▶ _Data block_
'''

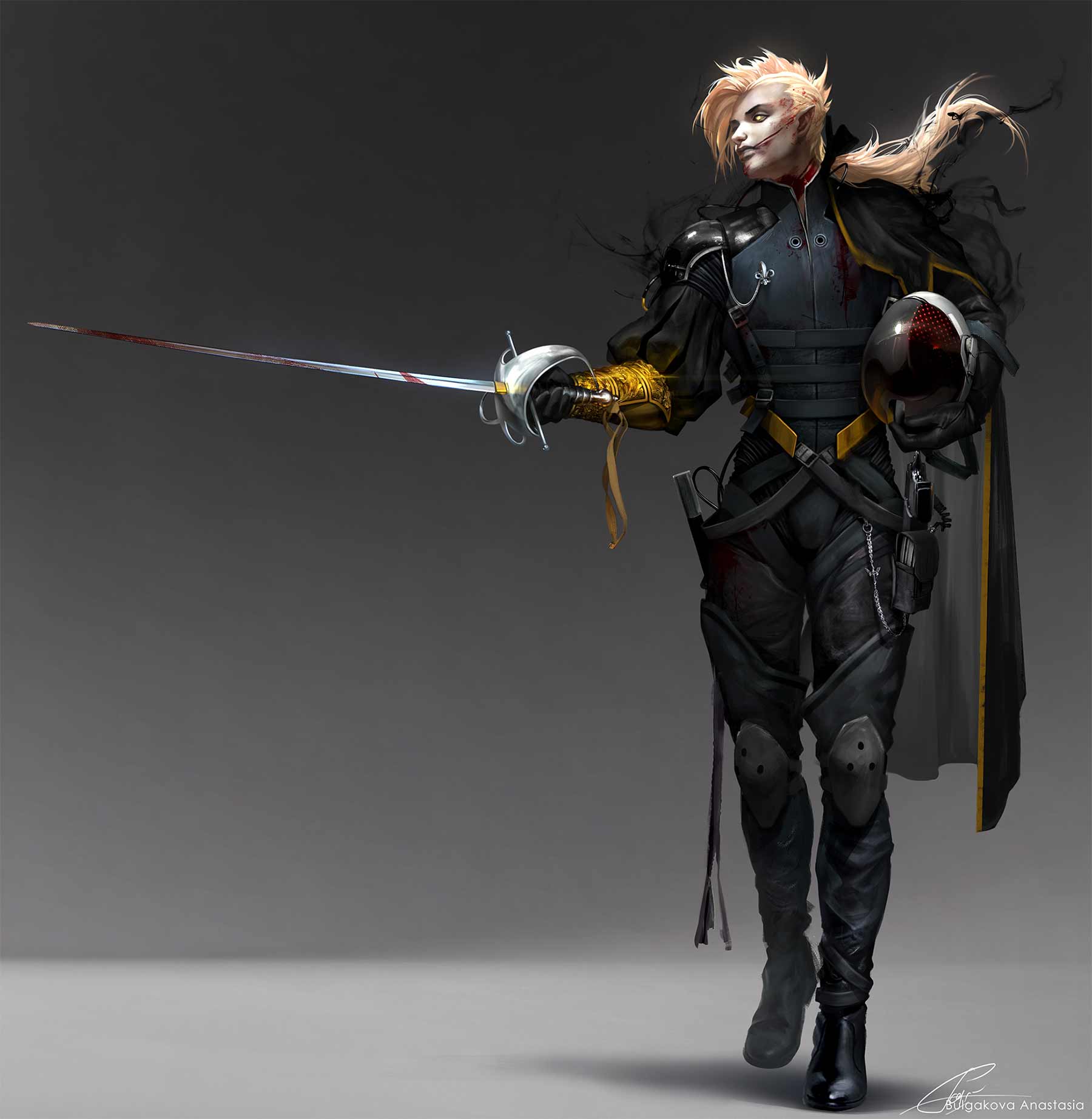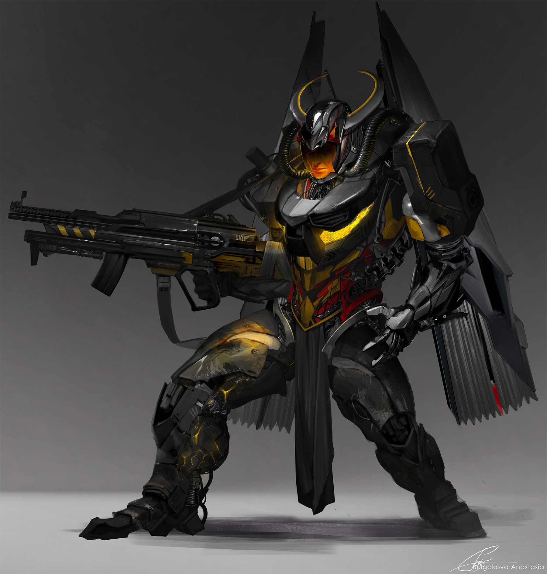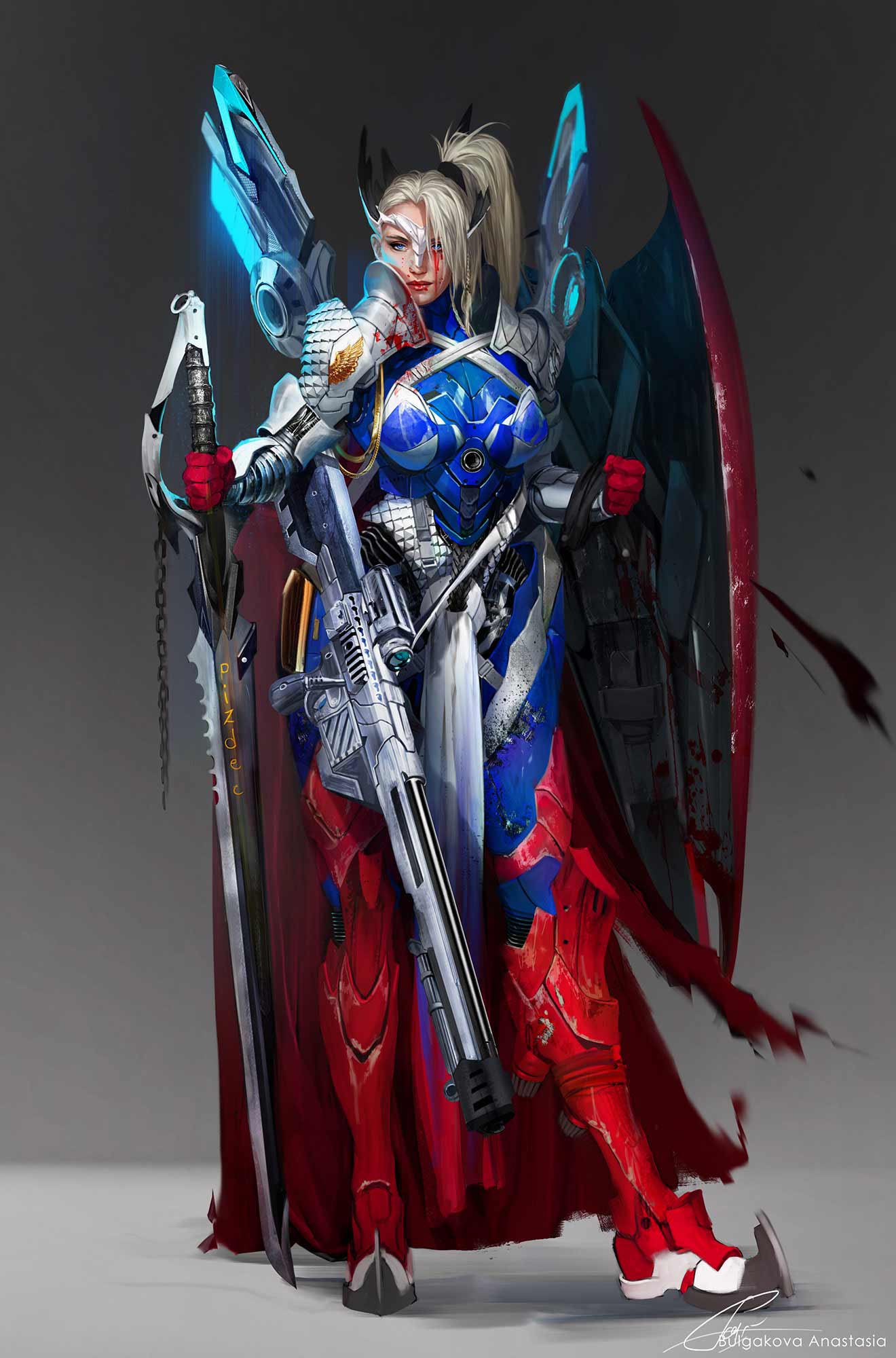 „He still is a Teutonic knight, and a big one at that ( if you can see a knight in this concept, of course). And high-tech. Extremely. Germany is considered to be clean, orderly and modern, so he wears a mechsuit. Something like an Ironman suit, but with more precision German engineering in it. And more stylish. Unlike earlier times, he mostly fights long ranged battles now, to keep the suit clean. Has unfoldable wings and thrusters on his back, like any proper mecha should.“
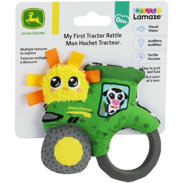 Un joli hochet en forme de Tracteur avec des contrastes en noir et blanc d’un côté et différentes couleurs et textures de l’autre. Bébé adorera explorer les rubans en satin tout en développant sa motricité fine, découvrir le petit hochet caché dans la roue du tracteur ou encore se servir de l’autre roue comme anneau de dentition et ainsi soulager ses gencives douloureuses.
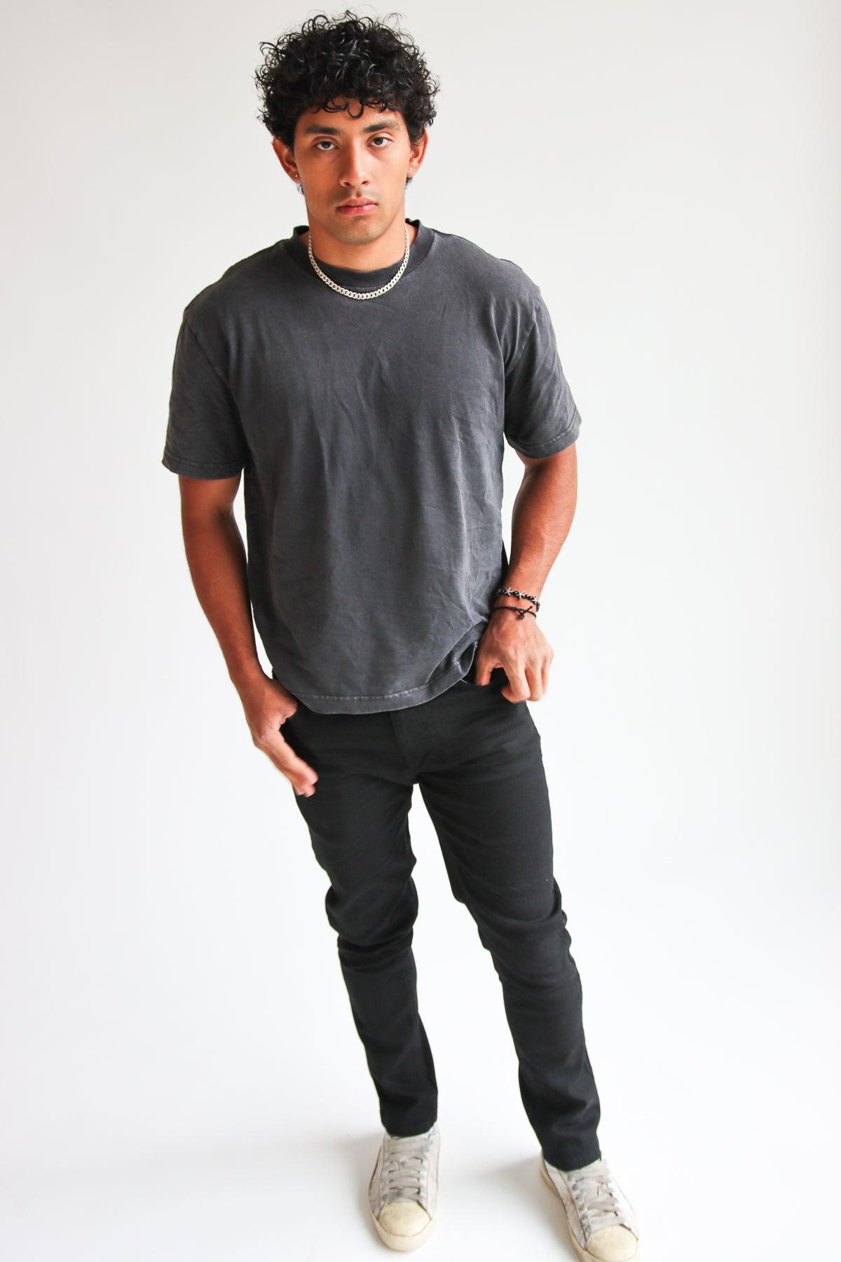 Stretch Raw Denim Skinny Jeans - Black

'''

▶ _About this task_
Reproduce the data above verbatim, minus any images.

▶ _Answer section_
 „He still is a Teutonic knight, and a big one at that ( if you can see a knight in this concept, of course). And high-tech. Extremely. Germany is considered to be clean, orderly and modern, so he wears a mechsuit. Something like an Ironman suit, but with more precision German engineering in it. And more stylish. Unlike earlier times, he mostly fights long ranged battles now, to keep the suit clean. Has unfoldable wings and thrusters on his back, like any proper mecha should.“
 Un joli hochet en forme de Tracteur avec des contrastes en noir et blanc d’un côté et différentes couleurs et textures de l’autre. Bébé adorera explorer les rubans en satin tout en développant sa motricité fine, découvrir le petit hochet caché dans la roue du tracteur ou encore se servir de l’autre roue comme anneau de dentition et ainsi soulager ses gencives douloureuses.
 Stretch Raw Denim Skinny Jeans - Black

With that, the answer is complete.